The government has passed a master plan until 2030 to develop the Mekong Delta into a key economic region, including major infrastructure developments.
By 2030, the region will have 830 kilometers (515 miles) of expressways, including new and upgraded routes, and 4,000 kilometers of national highways, according to the Master Plan for Mekong Delta Development in the 2021-2030 period approved by Prime Minister Pham Minh Chinh on Friday.
According to the plan, the Mekong Delta will become “a sustainable, dynamic and highly efficient agricultural economic center of the country, region and world.”
Along with highway construction, the delta will have four airports, 13 seaports, 11 passenger ports and 13 inland waterway cargo port clusters to boost both regional and international connectivity.
All new infrastructure projects will be built in response to climate change demands.
Three ecological sub-regions will be formed in the delta.
The freshwater eco-region in the upstream and central part of the region will be key to the production of rice, freshwater aquatic products, and fruits.
Coastal saline – brackish ecological zones will develop saltwater and brackish water aquaculture on shore and in the sea, fishing, mangrove restoration, as well as ecotourism.
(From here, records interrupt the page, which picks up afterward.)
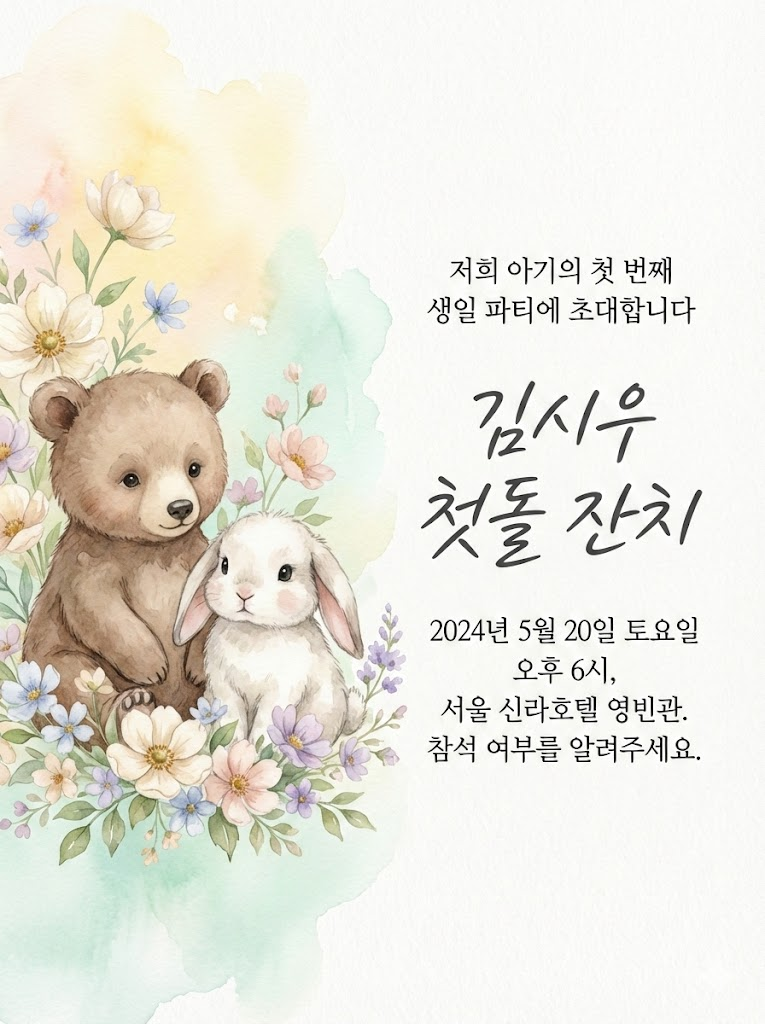 1. 첫돌 잔치 초대장 (따뜻하고 귀여운 분위기)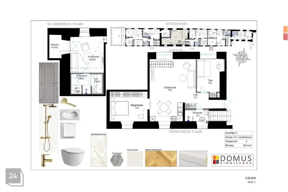 Korteris on 3 tuba, üldpind 96.3 m².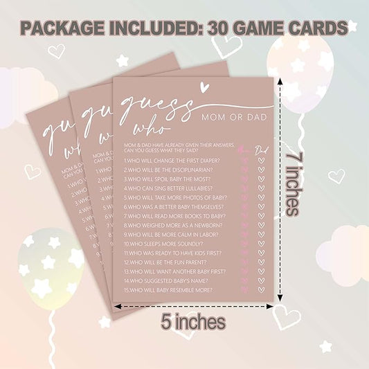 Baby Shower Games, Pink Who Mom or Dad Game Cards, 30 Sets Baby Gender Reveal Party Decorations Supplies Favors - F01

The freshwater – brackish transition zone will develop brackish water fisheries with rice and suitable vegetables.
The plan aims to make the region an international brand for agricultural-rural tourism and eco-tourism, with Can Tho City and Phu Quoc Island set to become two international tourist centers in the region.
The Mekong Delta, which spans over 3.9 million hectares, is Vietnam’s rice basket that contributes over 17 percent of the GDP, 54 percent of rice, 70 percent of fishery products and 60 percent of fruits in the country.
It is also home to around 20 million people.
Under the master plan, the average economic growth rate is targeted for the delta at 6.5 percent per year until 2030.
The gross regional domestic product (GRDP) in 2030 is set to rise 2-2.5 times against 2021, with the proportion of agriculture, forestry and fisheries accounting for 20 percent of the GRDP, industry – construction 32 percent, services 46 percent.
Three strategic products of the region will be fisheries, fruits, and rice, of which the proportion of rice will gradually decrease.
The master plan also states that by 2030, the delta will not develop additional coal-fired power plants aside from those that have already been implemented, which are Duyen Hai No. 2 in Tra Vinh Province, Long Phu No. 1 in Soc Trang Province, and Song Hau No. 2 in Hau Giang Province.
More wind power and solar power projects will be in the making across the delta in future.